16. A method comprising:
providing, from a device to at least one artificial intelligence model, a set of natural language prompts, wherein each natural language prompt in the set of natural language prompts corresponds to an encoded journey step of one or more journey steps of a particular user journey associated with a software application;
decoding, by the at least one artificial intelligence model, the set of natural language prompts to generate a corresponding set of executable instructions indicative of the one or more journey steps of the particular user journey;
providing the set of executable instructions to one or more second devices having the software application, wherein the one or more second devices perform the particular user journey on the software application by executing the set of executable instructions; and
receiving, from each device of the one or more second devices, validation data indicating whether errors occurred when performing the particular user journey.

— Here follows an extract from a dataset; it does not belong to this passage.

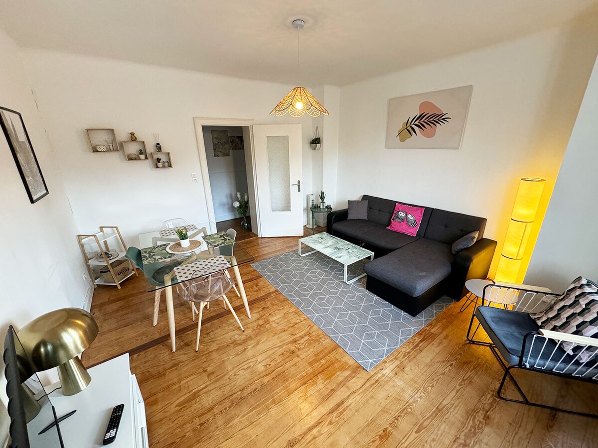 Parfait pour quelques jours à Strasbourg! Appartement cosy, moderne et lumineux, wifi gratuit, équipé de la fibre. Cuisine ouverte toute équipée (micro-onde, four, frigo..), chambre séparée avec lit double, salon avec canapé convertible, salle de bain avec douche (sèche-cheveux, lave-linge) et balcon Logement fonctionnel, bien situé, proche de toutes commodités. Arrêt de bus à 5 min à pieds ( direct au centre ville de Strasbourg), gare à 2 min, proche du Wacken, des institutions européennes.

17. The method of claim 16, wherein, after execution of executable instructions corresponding to a particular natural language prompt of the set of natural language prompts, pausing execution of the set of executable instructions for manual intervention.
18. The method of claim 16, wherein the validation data includes one or more artifacts usable to describe execution of the set of executable instructions, wherein the one or more artifacts comprises device logs keyed to each natural language prompt, application logs keyed to each natural language prompt, a screenshot of a least one device of the one or more second devices, or a video of at least one device of the one or more second devices.
19. The method of claim 18, further comprising:
processing, by the at least one artificial intelligence model, the one or more artifacts;
prompting the at least one artificial intelligence model to detect issues with the software application based on the one or more artifacts; and
generating, by the at least one artificial intelligence model, additional artifacts to resolve the issues.